Premier: Bedreiging om genocide zorglijk
DEN HAAG - Premier Balkenende vindt het „zeer zorgwekkend” dat mensen in en buiten Turkije worden bedreigd of vervolgd als ze de Armeense genocide erkennen.
Hij zei dat dinsdag in het debat over de staat van de Europese Unie tegen VVD-Kamerlid Van Baalen. Die vindt dat de Nederlandse regering van Turkije moet eisen dat (Nederlandse) Turken die zich uitspreken over de volkerenmoord vrijuit gaan. „Als dat niet gebeurt, zien wij de onderhandelingen met Turkije de komende tien, vijftien jaar somber in.”De minister-president zei tegen ChristenUnie-fractievoorzitter Rouvoet dat hij diens motie nog steeds uitvoert. Die motie uit december 2004 roept de regering op om in gesprekken met Turkije „voortdurend en nadrukkelijk de erkenning van de Armeense genocide aan de orde te stellen.” Turkije moet „eerlijk zijn over zijn verleden en daarmee in het reine komen”, stelde Balkenende.
De toetredingsonderhandelingen met Turkije zijn een „schoolvoorbeeld” van hoe het niet moet, aldus SGP’er Van der Staaij. Zijn collega Rouvoet vroeg zich af hoe het mogelijk is dat het land de onderhandelingen met de EU steeds naar zijn hand kan zetten. De Kamer vindt dat de gesprekken moeten stoppen als Turkije geen Cypriotische schepen en vliegtuigen toelaat. Minister Bot van Buitenlandse Zaken zit ook op die lijn.
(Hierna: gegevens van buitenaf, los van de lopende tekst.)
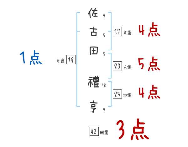 佐古田禮亨さんの画数の鑑定結果

De bewindsman zei dinsdag dat landen die lid willen worden van de EU, voortaan eerst aan alle criteria moeten voldoen. Pas daarna kan een datum worden geprikt voor daadwerkelijke toetreding. „Tijdstippen moeten niet centraal staan, maar kwaliteit en duurzaamheid”, aldus Bot. Op die manier houden burgers volgens hem vertrouwen in de uitbreiding van de EU.
De Kamer hekelde het stilzwijgen van de regering over de Europese grondwet. ChristenUnie/SGP-Europarlementariër Blokland betoogde dat de EU voor een nieuw verdrag terug moet naar de onderhandelingstafel.